(MATERIAL PROVIDED)

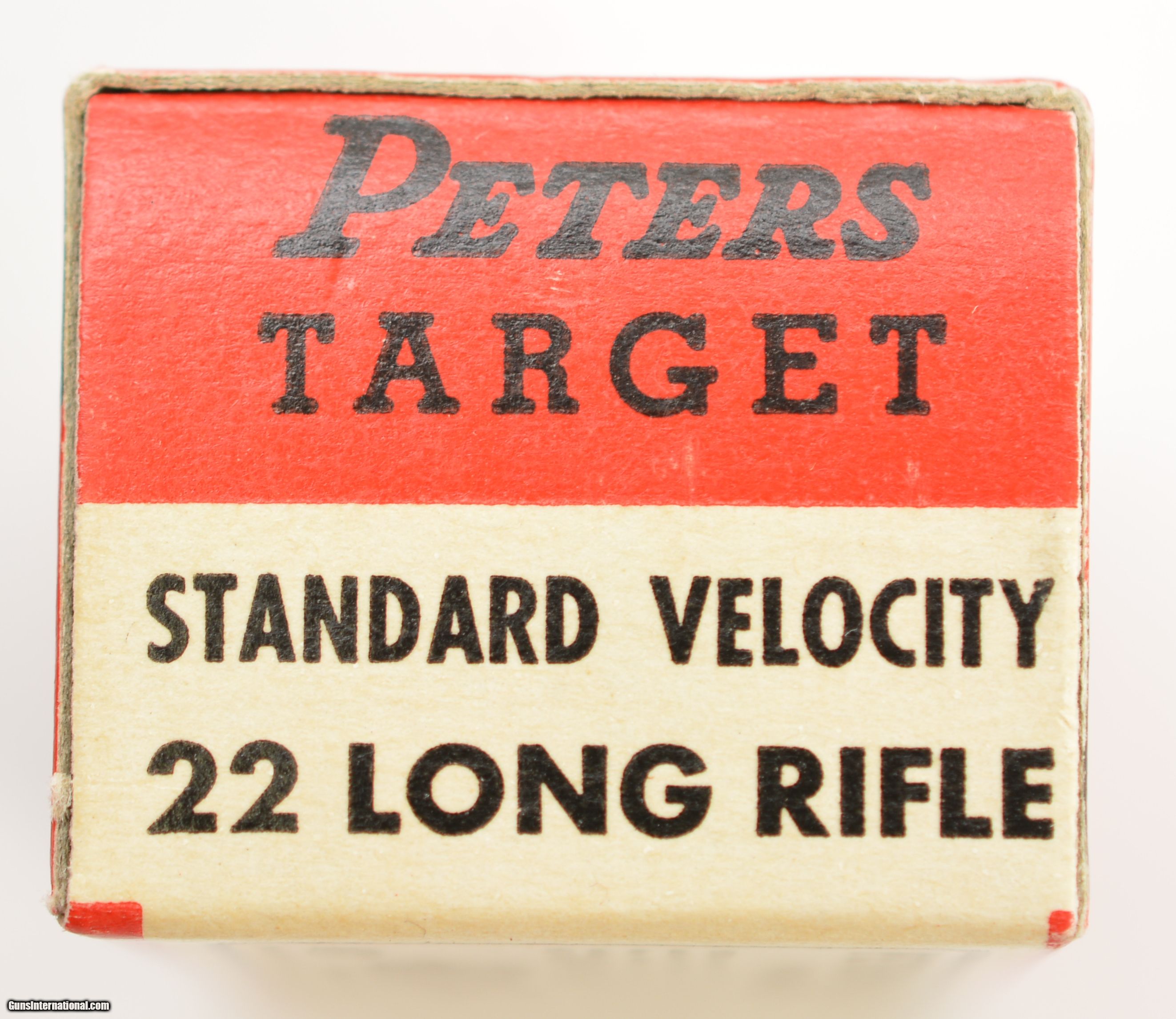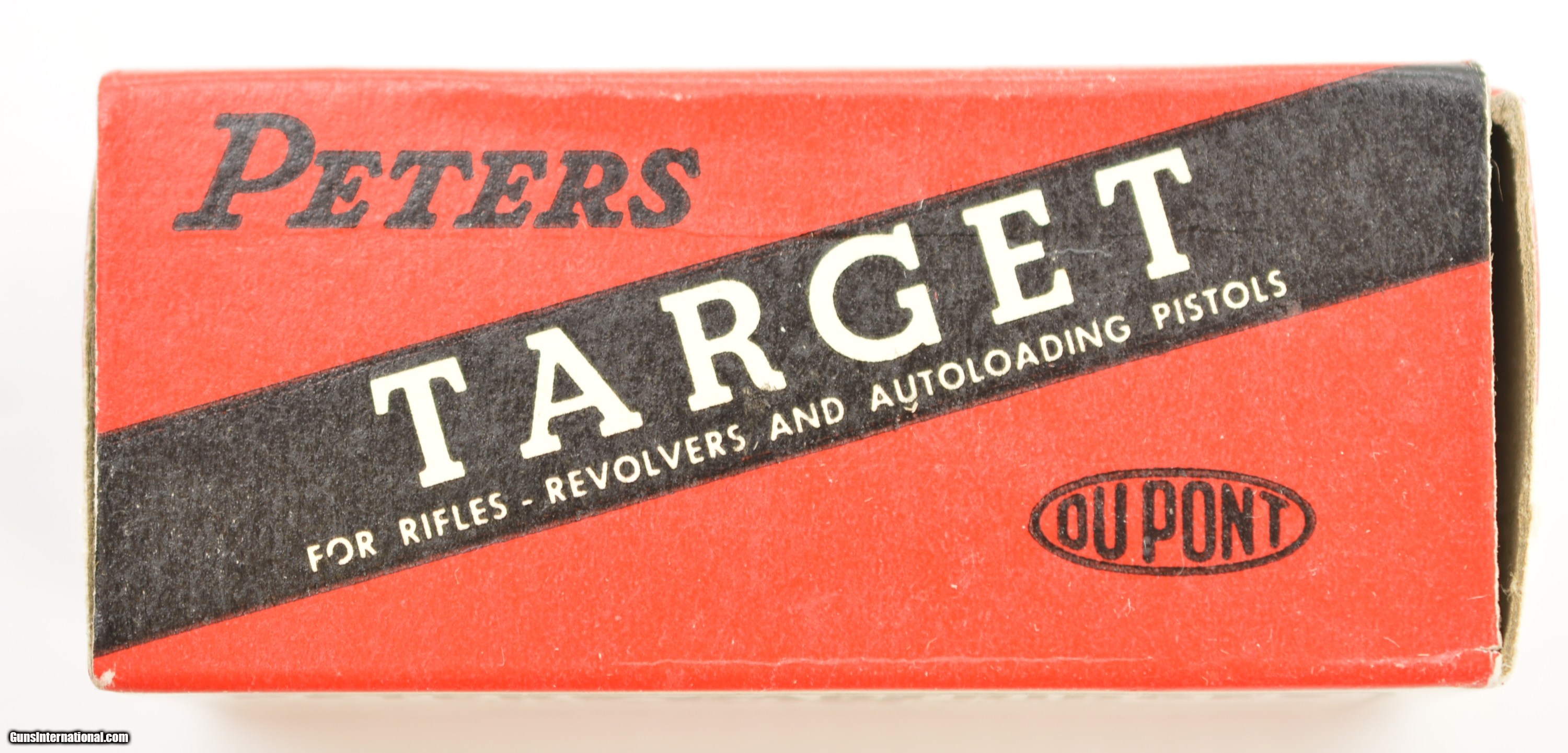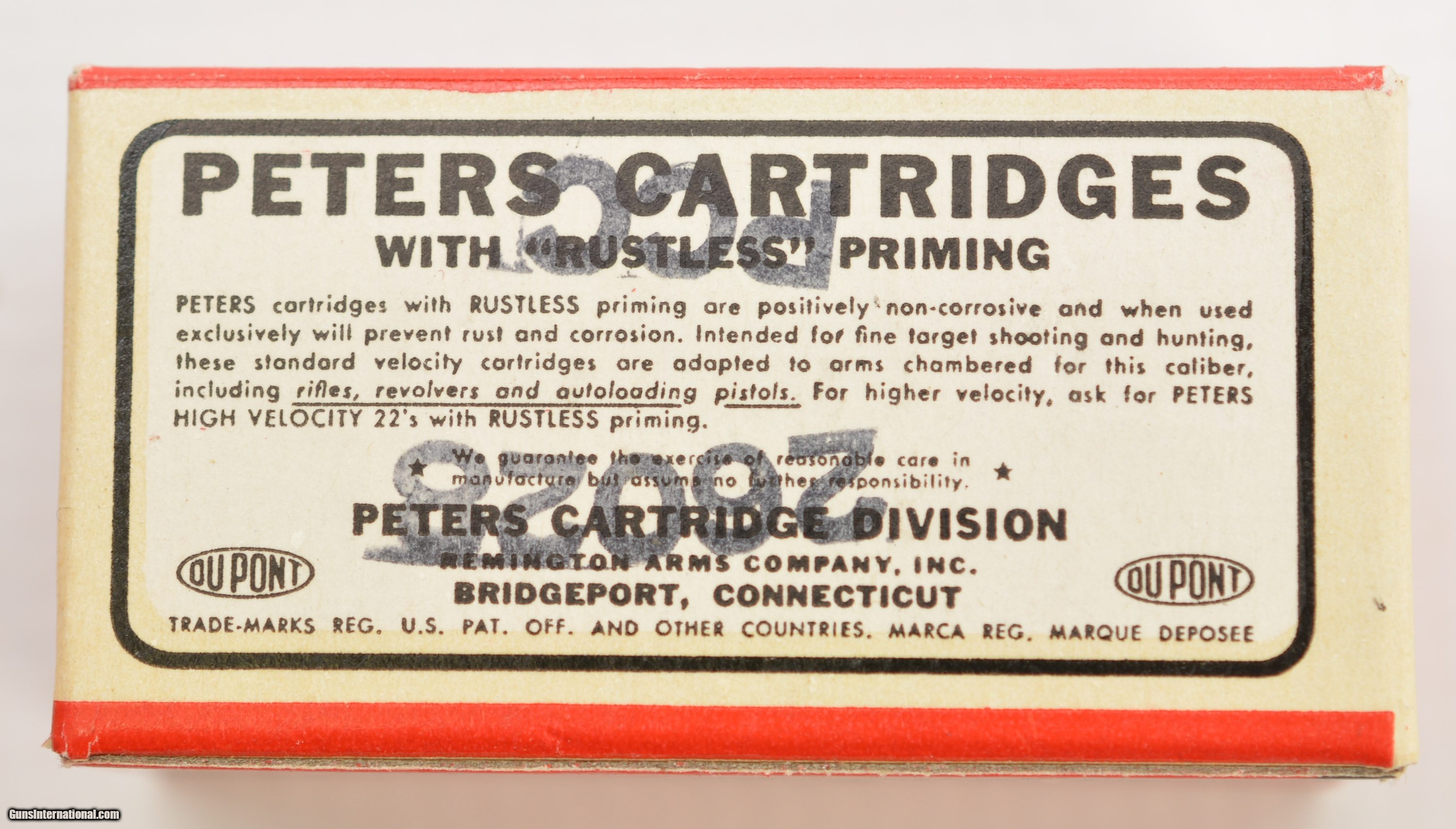 Description: This full 50 round box has the black stripe side and standard velocity callout. This series of boxes was used from 1948 to 1963. Listed in Dunn Upgrades as PCC-54-LR-2.2-A. SOLD Manufacturer: Peters Model: Ammo Caliber Info: .22 Gauge Info: .22 |
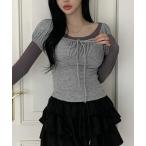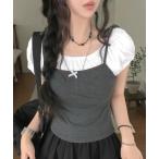 tシャツ レイヤード風 リボン キャミソール ドッキング パフ スリーブ トップス レディース
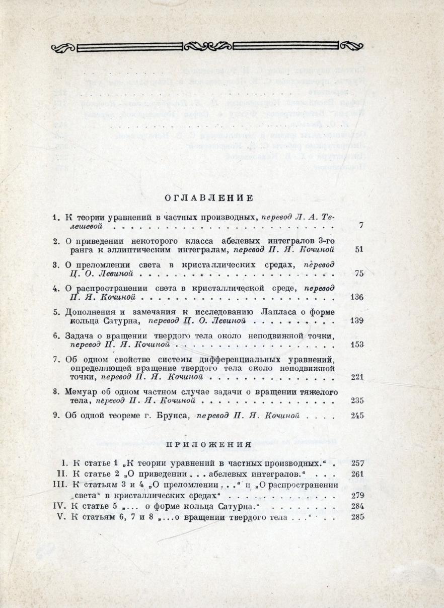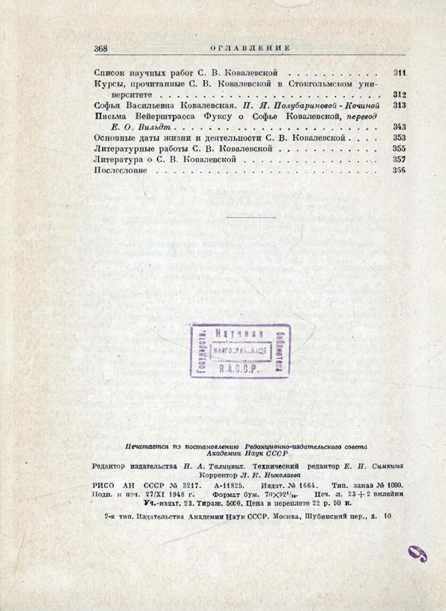 Научные работы / С. В. Ковалевская ; редакция и комментарии [и статья"Софья Васильевна Ковалевская. Очерк научной деятельности", с.313-342] П. Я. Полубариновой-Кочиной. - Москва : Издательство Академии наук СССР, 1948. - 368 с.,2 л. портр. : портр. ).
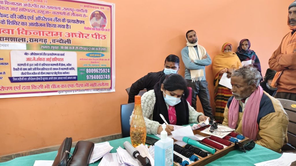 निःशुल्क मोतियाबिंद शिविर में 110 मरीजो की हुई जांच चहनिया चन्दौली।
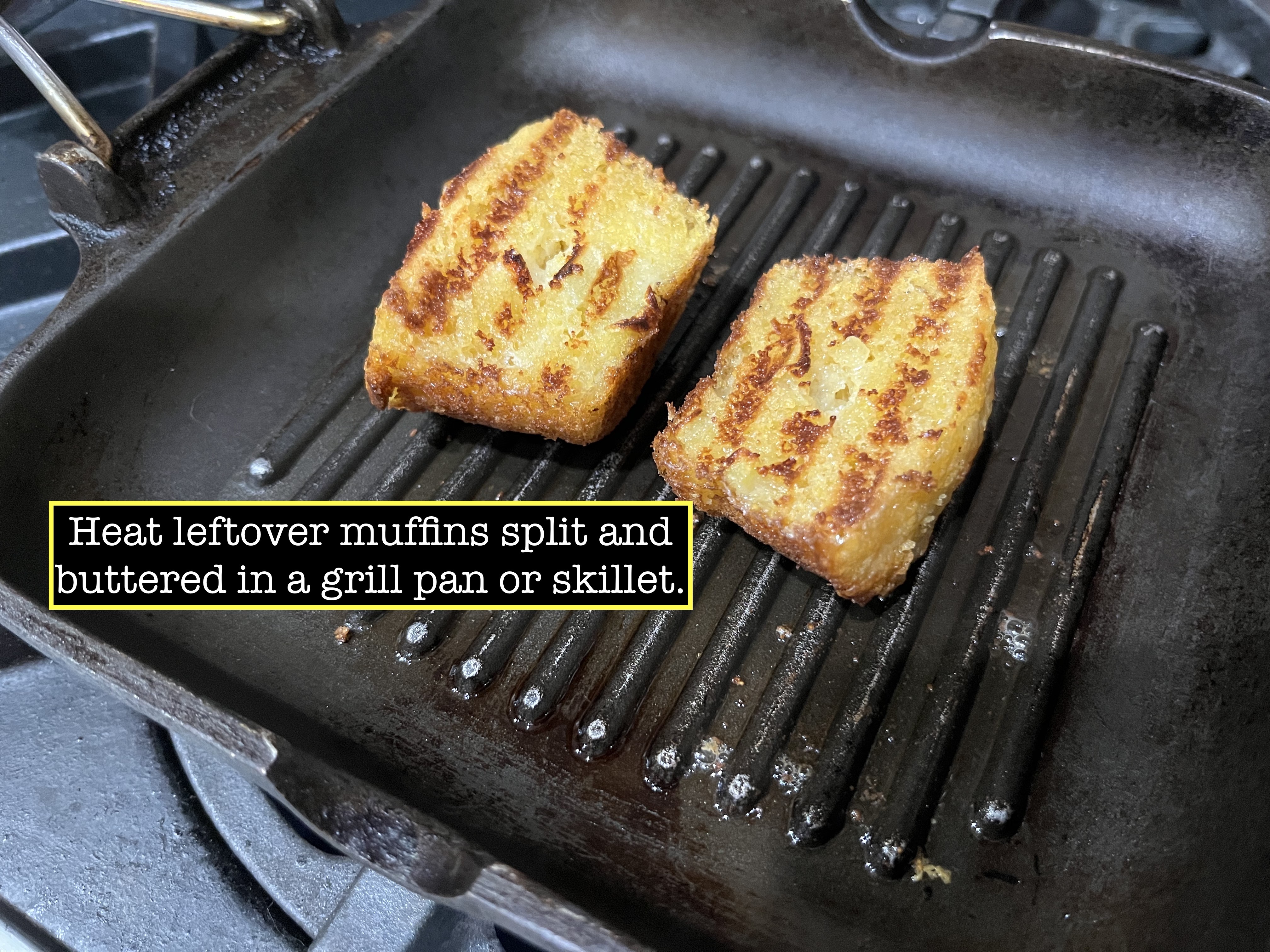 *REHEATING: While you can reheat a few muffins in the oven wrapped in foil, they’re best–and mostly quickly– split, buttered, and heated on a grill pan or in a small skillet. Try it and see; you’ll be surprised.

(End MATERIAL PROVIDED)

WHAT IS NEEDED →
Omit every picture, and please return the entries exactly from the first line through the line with "निःशुल्क मोतियाबिंद शिविर", both included.

RESPONSE AREA →
 Description: This full 50 round box has the black stripe side and standard velocity callout. This series of boxes was used from 1948 to 1963. Listed in Dunn Upgrades as PCC-54-LR-2.2-A. SOLD Manufacturer: Peters Model: Ammo Caliber Info: .22 Gauge Info: .22 |
 tシャツ レイヤード風 リボン キャミソール ドッキング パフ スリーブ トップス レディース
 Научные работы / С. В. Ковалевская ; редакция и комментарии [и статья"Софья Васильевна Ковалевская. Очерк научной деятельности", с.313-342] П. Я. Полубариновой-Кочиной. - Москва : Издательство Академии наук СССР, 1948. - 368 с.,2 л. портр. : портр. ).
 निःशुल्क मोतियाबिंद शिविर में 110 मरीजो की हुई जांच चहनिया चन्दौली।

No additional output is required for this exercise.